I have experienced minor GVH over the last two years and was hospitalized last summer for pneumonia, but have had a relatively uneventful recovery. I have lost 70 lbs. My taste buds have returned after being on hiatus for about nine out of the last 12 months. I truly eat to live today, there is no "wow" no matter what I eat but I am fine with that. My hair grows, thins and regrows about every six weeks. I sometimes feel as if I am going through puberty all over again when my face breaks out...weird since my skin is very dry now. I have been beyond post menopausal for over a year now. My eyes, at times water all day long. My allergies are worse. I do not have the stamina I once had but little stops me when I want to do something. I tire more easily. I have gotten to spend a lot of quality time with my kids over the last two years and that I wouldn't trade for the world. My daughter tells me she does and doesn't want me to go back to work.  She likes having me at home.  There are a lot of things and people I do not remember from that first 18 months following diagnosis. I feel bad when someone remembers me but I do not remember them. Hopefully they'll accept my 'chemo brain' excuse, it is real!  =0).  

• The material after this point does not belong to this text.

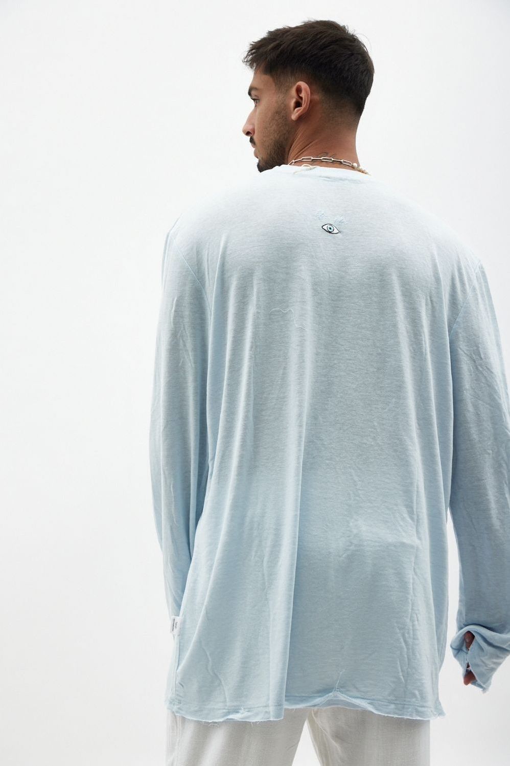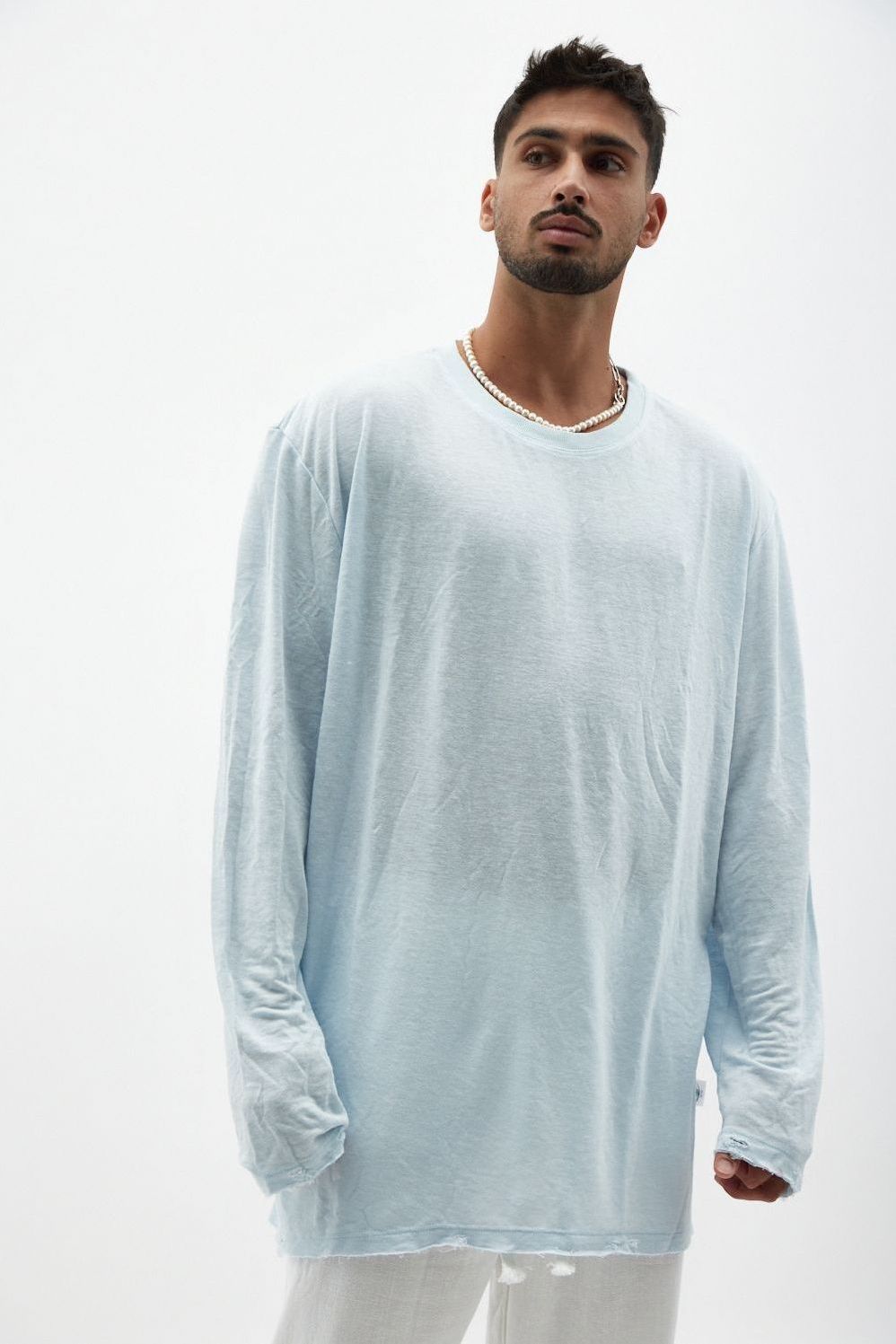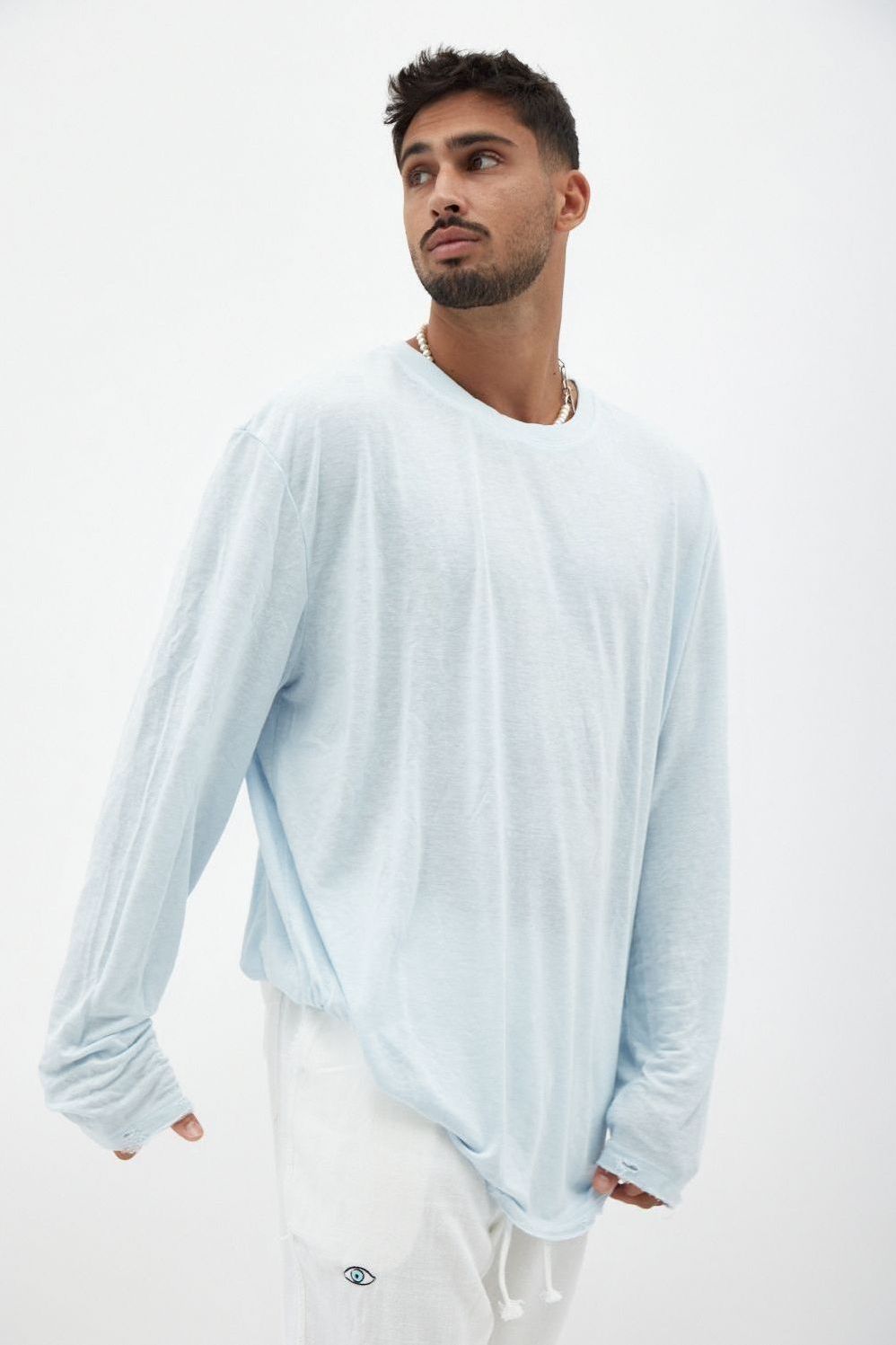 חולצת גברים שרוול ארוך מבד רך במיוחד, עשויה פשתן סרוג, גזרת ניקי במראה לא גמור

Thank you, Jesus, for healing my body and making Dianne 2.0 possible. Through You all things are possible!  I am in awe.  Thank you for bringing the collection of people you did into my life to get me to this point, and for removing those whose influence were either no longer necessary or just not positive.  To my donor, with whom I may now have an opportunity for direct contact, THANK YOU for your gift. You have made a difference in my health and life. My kids still have their mom, and my parents and brother still have their daughter and sister. I will forever be grateful to you. To my friends and family, you helped me weather the ups and downs this journey has had, cheered me up and kept me sane. To my doctors and nurses at MD Anderson, Banner Gateway and Mayo Clinic, your expertise and skill got me to now. Mary, Beth, Stacey, Deb, Mark, Brian, Gulnar, Kayla, Nena, Margo, Jennifer and Drs Slack and Ulrickson...THANK YOU. 

Happy rebirthday to me!

Wednesday, March 4, 2015

My Buds Are Back!

It has been close to a year since my taste buds went on hiatus, but they are making a return. Hooray!  This means I can better taste what I try to eat and that, in some cases, the food tastes close to what I remember. Being able to taste is important when it comes to making meals, ensuring foods are palatable and not over/under seasoned. I still do not like chicken, eggs, or butter. I used to live on chicken and loved eggs. I still dislike most fast or processed foods or sweets (including chocolate, bummer!). Love strawberries and oranges. Like bananas and many other fruits. And most vegetables. Pretzel crisps. And my faux bacon (protein strips). Fish, shellfish and some beef.  Tolerate milk, pasta, rice, potatoes and bread. 

Now maybe my hair and skin issues will clear up!